The data ::
· · ·
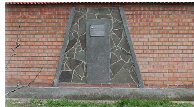
Мемориальная доска на месте, где находился дом Афоновых пер. Перекопский, 30

В послевоенные годы домик по Перекопскому пер. был снесен. Напротив был устроен небольшой скверик с памятным знаком в центре и с лавочками. В советские времена пионеры приносили сюда цветы, ветераны приходили вспомнить минувшее. Постепенно это место пришло в запустение, памятник был разрушен. В настоящее время здесь стоит новый дом. На заборе усадьбы установлена мемориальная доска.
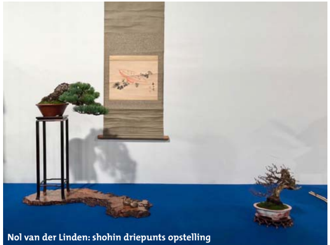
Nol van der Linden: shohin driepunts opstelling
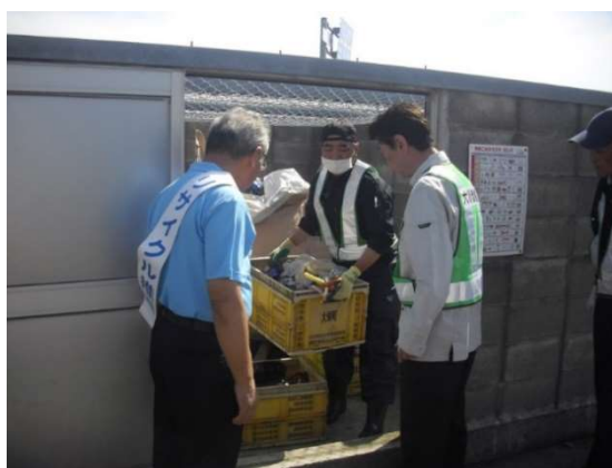
(環境パトロールの様子)
· · ·
Aim of the task :: Exactly the lines from the one containing "Nol van der" through the last line of the material above, both included and free of pictures, should make up your answer, please.

Exercise answer ::
Nol van der Linden: shohin driepunts opstelling
(環境パトロールの様子)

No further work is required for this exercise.